As a mom of three, there are no shortages of fights, bickering, and finger pointing between my children. My kids mostly enjoy each other’s company, but we have our fair share of not getting along. It’s never the same two fighting against each other, which is somewhat of a relief. And usually, they get along fine unless, of course, it’s spring break or summer vacation where the constant interaction with each other gets in the way of happy times. So as summer vacation creeps upon us, I figured I better sort this out—and soon.
For the times when the kids are not getting along, I often don’t know what to do. Usually, I try to let them sort it out. The less I am involved, the better. Other times, I intervene and force them to get along without hearing who did what. I remind them often that it’s much better to have a sibling that you can play with whenever you want than not to. I’m not sure they are always convinced. Some days, I force them to play together just because the “I’m bored” whining makes me want to hide in a closet somewhere. Other days, I find myself telling everyone to spend some quiet time alone in their rooms because I’m tired of the constant bickering.
I decided it was time that I finally sorted this all out. I read a few books, a few online articles, and tested a few methods to see what worked best for our kids. Here’s what I came up with:
Four Simple Tips For Getting Siblings to Play Well Together
1) Respect the alone time. Although it’s great to want your kids to play together, after a busy day or busy week, everyone could use some time alone just resting, reading a book, or playing quietly. The same goes for your kids. If they are constantly bickering, they may just need some time alone and that’s okay.
2) Take advantage of things they enjoy in common. My kids love playing the same video game. If I need them to play together, sometimes I start with common ground. If it’s the video game, after 30 minutes, I move the playing outdoors and seize the opportunity to continue having them enjoy time together.

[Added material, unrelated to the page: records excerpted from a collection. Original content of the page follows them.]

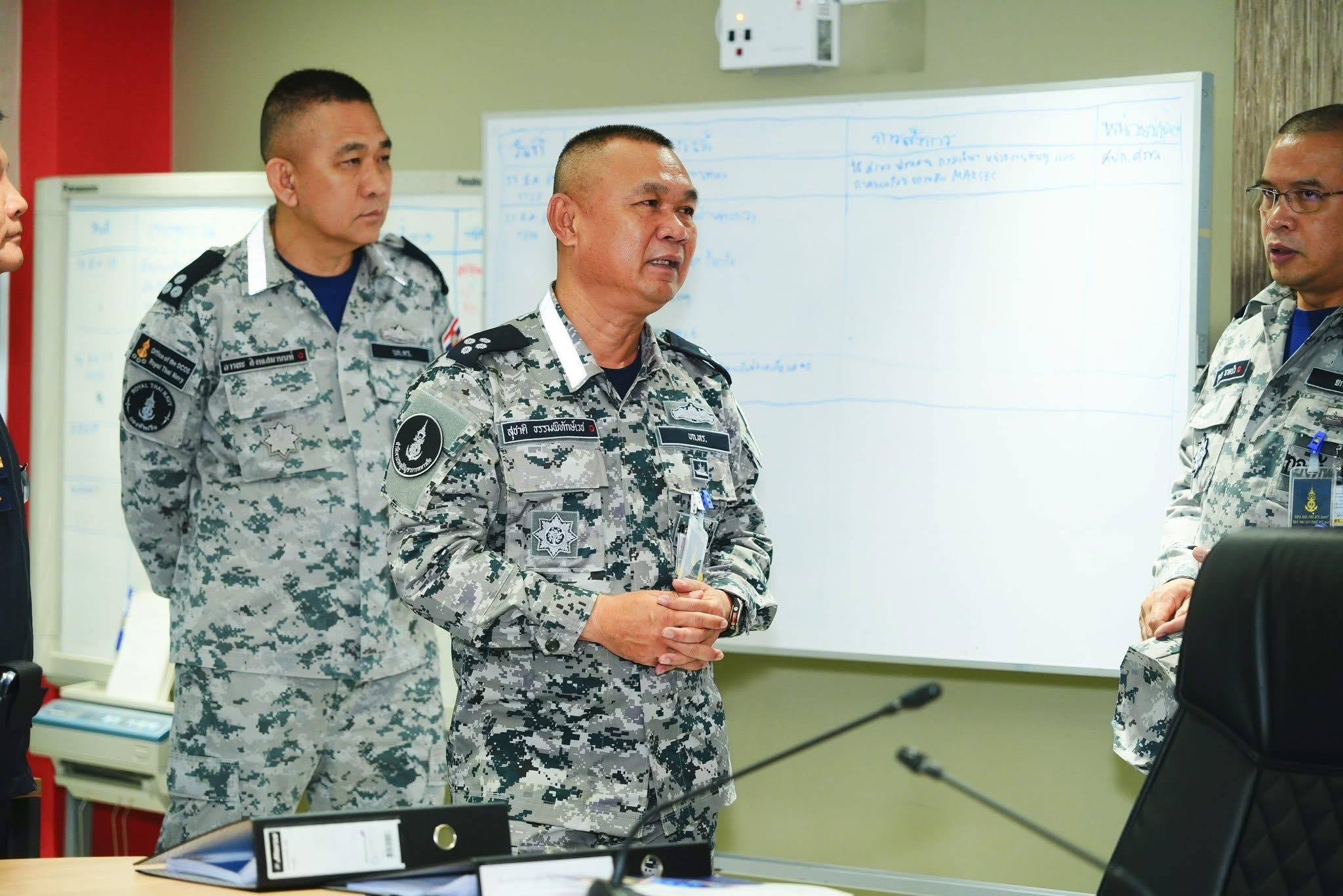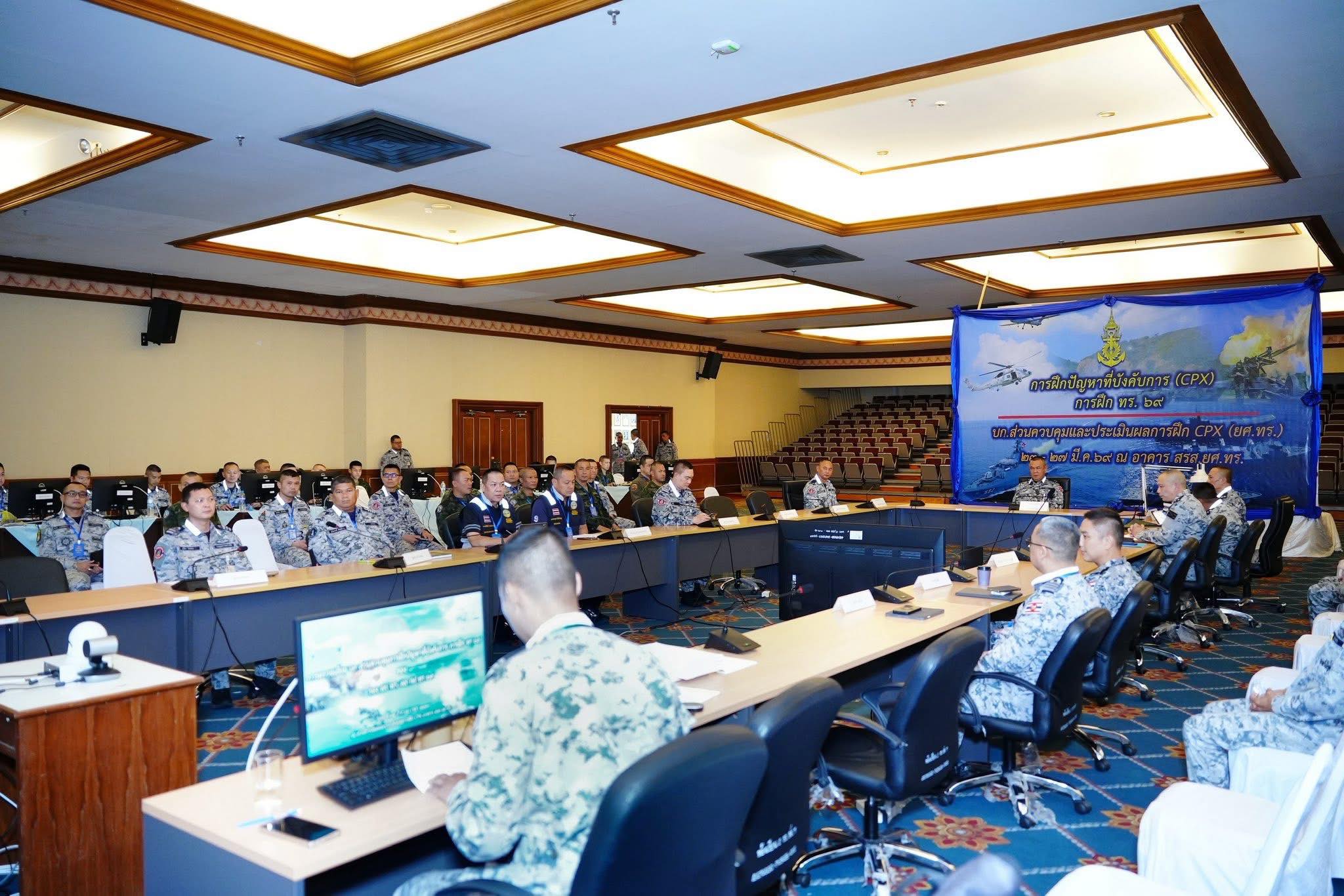 เมื่อวันที่ 25 มีนาคม 2569 พลเรือเอก สุชาติ ธรรมพิทักษ์เวช รองผู้บัญชาการทหารเรือ ในฐานะ ผู้ช่วยผู้อำนวยการศูนย์อำนวยการรักษาผลประโยชน์ของชาติทางทะเล (ผู้ช่วย ผอ.ศรชล.) เดินทางตรวจเยี่ยมและติดตามความก้าวหน้าการฝึกปัญหาที่บังคับการ (Command Post Exercise: CPX) ของ ศรชล. ประจำปี 2569 ณ ศูนย์ปฏิบัติการ ศรชล. พระราชวังเดิม เขตบางกอกใหญ่ กรุงเทพมหานคร โดยมี พลเรือตรี ไชยนันท์ ชูใหม่ ผู้อำนวยการศูนย์ยุทธการ ศรชล. ให้การต้อนรับและนำชมการปฏิบัติงานในส่วนต่าง ๆ
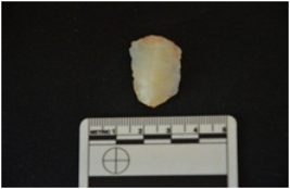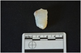 | Description / विवरण | Flake struck on quartz, bulb of percussion seen, use wear marks visible |
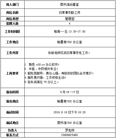 2、申请人持已核实过的《云南中医药大学本科生勤工助学岗位申请表》按照招聘信息的要求到各用工部门进行应聘。
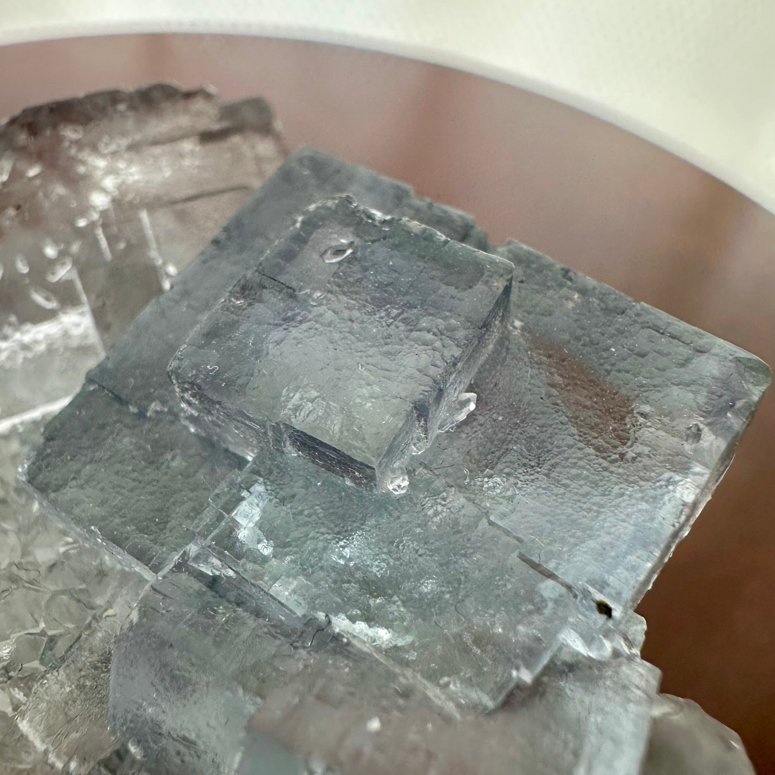 表面が磨りガラス状の結晶で厚みもありますが透明感が良好で、ブルーのゾーニングやユニークな凹凸が見られます。
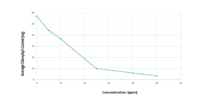 Figure 5 illustrates the impact of chromium on total chlorophyll content following phytoremediation over a period of 14 days. Chlorophyll content was assessed using acetone extracts, in accordance with the Arnon method (1949). The results indicate a decreasing trend in chlorophyll A content as chromium concentrations increased. In contrast, chlorophyll B and total chlorophyll contents showed an increasing trend; however, these overall values still declined with higher chromium concentrations. Elevated levels of chromium toxicity negatively affect photosynthesis. The reduction in chlorophyll content may be attributed to decreased enzymatic activity of protochlorophyllide reductase. Additionally, the lowered levels of photosynthetic pigments in plants could be linked to lipid peroxidation occurring in the chloroplast membranes.

3) Avoid putting older and younger siblings together on something competitive. If someone will win or lose at the end of a game, I avoid it unless everyone knows that there will be no whining, complaining, or bragging at the end of the game. I have one child that is very competitive and hates to lose. I have to remember this when he wants to challenge his big brother, four years older than he is.
4) Allow children enough space to resolve their own conflict. Of course, if they are hitting each other or calling names, intervene. If you do intervene, help them resolve the conflict by giving them tips on solving the problem. Avoid solving it for them or telling your kids how to solve their battles.
How do you get your children to play together? Share your tips below!